I brought the paper closer to my eyes, so that I could read the small, precise words. The letter was not Pooley’s after all, although he had claimed it so. It was a letter from Robert Cecil. And he wrote to James, King of Scotland.
My eye skipped about from sentence to sentence.
I believe and trust you to be the rightful heir to our dear and precious sovereign…. I do herein truly and religiously profess that I offer my service and loyalty to Your Majesty…. Let Your Highness have patience and be ruled by my advice, and you shall in time come to rule England.
Robert Cecil, who had been to Master Marlowe’s play, who was the queen’s right hand. Who had a twisted spine and one shoulder higher than the other. I warned thee not to cross the hunchback, Pooley had told Master Marlowe. Robert the devil. The devil gets souls by whispering.
Master Mar
lowe had said that Elizabeth refused to name an heir, for fear that her subjects’ loyalty would flow, like a diverted stream, to her successor. What would she think if she knew that her most trusted servant had written to a claimant for her throne, promising his service? What would this mean to a queen so quick in jealousy that she jailed her favorite simply for marrying? Elizabeth would not tolerate a divided devotion. No wonder Robert Cecil had killed to have this letter back.
I wished now that I had not read it, that I did not know the true deadliness of what I held. It had been bad enough to think it was a letter of Pooley’s. But Robert Cecil, the queen’s councilor—he was the one behind it all. Pooley was just his hound. It was Robert Cecil who was the master of the hunt.
There was no time to think of it, no time to let fear clog up my brains. I opened the tireroom door and looked around. Master Green was nowhere in sight. Quickly I slipped out.
The fencing lesson was back in full force onstage. I did not dare look up to see if Robin was there. People were in and out of the playhouse all day, running errands, carrying messages. With luck and God’s mercy no one would notice me.
I had forgotten how it felt to have the weight of skirts around my ankles. I nearly tripped more than once before I remembered to take smaller steps. The coif around my face helped to shadow my features, for which I was grateful, but it cut off my vision to the sides as well. I looked modestly down at the ground before me, and wondered if my skirts would tangle my feet, should I need to run.

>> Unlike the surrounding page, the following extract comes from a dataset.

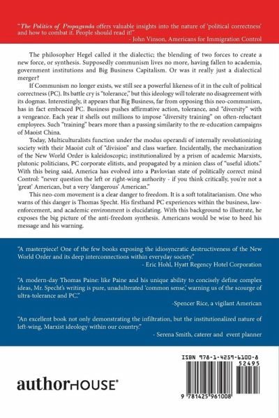 The philosopher Hegel called it the dialectic; the blending of two forces to create a new force, or synthesis. Supposedly communism lives no more, having fallen to academia, government institutions and Big Business Capitalism. Or was it really just a dialectical merger? If Communism no longer exists, we still see a powerful likeness of it in the cult of political correctness (PC). Its battle cry is "tolerance," but this ideology will tolerate no disagreement with its dogmas. Interestingly, it appears that Big Business, far from opposing this neo-communism, has in fact embraced PC. Business pushes affirmative action, tolerance, and "diversity" with a vengeance. Each year it shells out millions to impose "diversity training" on often-reluctant employees. Such "training" bears more than a passing similarity to the re-education campaigns of Maoist China. Today, Multiculturalists function under the modus operandi of internally revolutionizing society with their Maoist cult of "division" and class warfare. Incidentally, the mechanization of the New World Order is kaleidoscopic; institutionalized by a prism of academic Marxists, plutonic politicians, PC corporate elitists, and propagated by a minion class of "useful idiots." With this being said, America has evolved into a Pavlovian state of politically correct mind Control: "never question the left or right-wing authority - if you think critically, you're not a 'great' American, but a very 'dangerous' American." This neo-com movement is a clear danger to freedom. It is a soft totalitarianism. One who warns of this danger is Thomas Specht. His firsthand PC experiences within the business, law-enforcement, and academic environment is elucidating. With this background to illustrate, he exposes the big picture of the anti-freedom synthesis. Americans would be wise to heed his message and his warning.

At the playhouse door, Pooley was speaking with John.
I felt as if my heart were a knot that had been yanked tight. But I made myself keep walking.
“No strangers during rehearsals,” John was saying. But his attention was on Pooley’s hand, on the flash of silver between his fingers.
“Simply an errand,” Pooley said persuasively. “A message for a friend. ’Twill only be a moment.”
“No harm, I suppose,” John mumbled. Neither of them glanced at me as I slipped by.